Quizá se necesita haber sentido vida en el vientre para comprender a aquellas mujeres que participan en protestas junto a sus hijos, a veces lactantes o muy pequeños, embarazadas; quizá basta ser un ser humano completo para con-moverse, con-mocionarse al contemplar una madre marchando días por un mejor futuro para su familia.
Recuerdo la propaganda en 1977 para
descalificar a las amas de casa mineras que se trasladaron hasta La Paz junto a
sus pequeños para pedir la libertad de sus esposos y de todos los presos
políticos. Hugo Banzer las acusó de ser insensibles por exponer a los chicos,
reemplazados más tarde por Luis Espinal y otros religiosos.
En vez de hacer la pregunta inversa:
¿qué situación lleva a una muchacha o a una abuela a enfrentar al poder de la
mano de su hijito, de su nieto? Como Cornelia, la madre de los Gracos, sacan
fuerza del pecho que dio de mamar para caminar, para resistir.
En los años ochenta, como
periodista, me sentí turbada al cubrir noticias con esas sencillas esposas de
mineros que salían del campamento para ser escuchadas en la gran ciudad. Una
vez, las albergamos en la sede del sindicato de la prensa; dos de sus bebés
estaban muy enfermos y no pude contener las lágrimas cuando los trasladaron al
hospital. Una de ellas dijo: cantemos, y a mí me pareció imposible. Tardé en
reconocer que era otra forma de llorar, mientras batían las palmas para seguir
el bailecito potosino.
Al inicio de los noventa, el país
conoció a otras mujeres valientes, a las más anónimas entre las anónimas. Igual
que en la marcha minera del 86 encabezaban la movilización las nuevas marías,
las candelarias, las magdalenas, las asuntas. Bendecidas desde la salida en las
tierras bajas, subían de pascana a pascana hacia las alturas nevadas. Los peladingos
con alpargatas, la camisa delgada, el pantalón gastado.

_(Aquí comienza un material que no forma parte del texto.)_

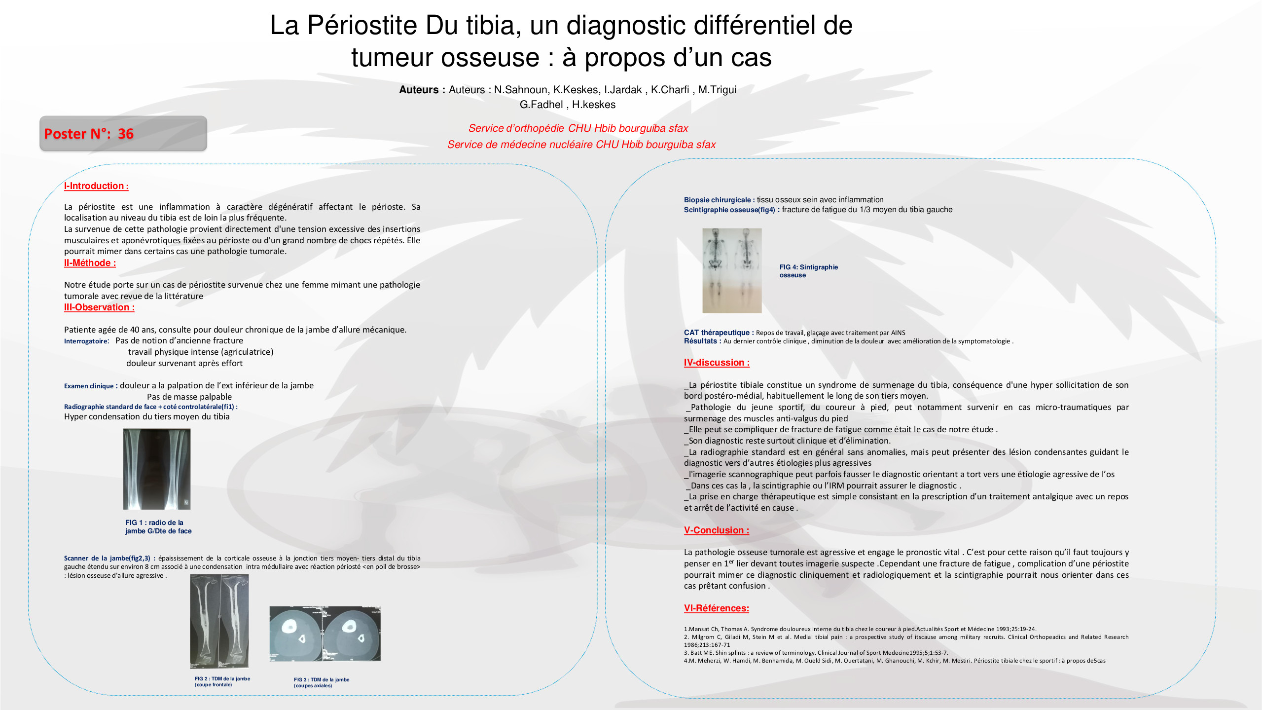 La périostite est une inflammation du périoste souvent décrite chez les sportifs, mais dans notre cas, elle est survenue chez une femme pratiquant un travail physique intense pendant de longues heures. L’Imagerie peut présenter des lésions condensantes avec une réaction périostée guidant le diagnostic vers d’autres étiologies plus agressives. La scintigraphie osseuse est le gold standard pour la confirmation du diagnostic .La prise en charge thérapeutique est simple consistant en la prescription d’un traitement antalgique avec un repos et arret de l’activité en cause.

Una de ellas, sintió los dolores del
parto en uno de los recodos del sendero y la marcha se detuvo para recibir a la
criatura. Anahí Dignidad abrió los ojos a un mundo que en 30 años continuó
burlando los derechos de sus padres. Aquella vez, en septiembre de 1990, el
gobierno atendió a los marchistas que entraron descalzos a la plaza Murillo, se
abrieron las mesas de diálogo. Un ministro sensible como Mauro Bertero se
preocupó personalmente por el bienestar de la bebé y Monseñor Jesús Juárez la
bautizó.
¡Qué diferente en 2011! Las mujeres
fueron humilladas desde el inicio de la caminata. En Chaparina fueron
golpeadas, maniatadas, cerrados sus labios con cintas plásticas, lanzadas a
camiones o a buses sin conocer dónde partían. Los niños quedaron gimiendo,
desesperados. ¡Cuánta maldad cabe en el corazón de Sacha Llorenti!
Fue un hacendado el que, llorando,
rescató a los pequeños, incluso a un bebé de pecho que había sido dado por
desaparecido. La solidaridad de los vecinos ayudó a salvar a las criaturas y la
resistencia de la población de Rurrenabaque a devolverlos a sus madres. ¡Y
Denis Racicot fue incapaz de denunciar aquello a la ONU! Al contrario, alabó
que en esa misma fecha se organizaban las elecciones judiciales. ¡Vergüenza!
Los mismos de entonces se niegan
ahora a recibir a las madres de la última marcha indígena, a atender a las
embarazadas, a ayudar a los niños. Cercan y gasifican a las cocaleras y a las
ancianas, a las vecinas en Villa Fátima. La Defensoría en silencio porque responde
al estado azul, no a los ciudadanos, no a las madres bolivianas.
Entre tanto, hay quien quiere
presidir una supuesta fundación “de la verdad” para seguir lucrando con los
mártires de las luchas sociales, con apoyo de algún funcionario extranjero pro
masista, pisando la memoria de las madres de desaparecidos.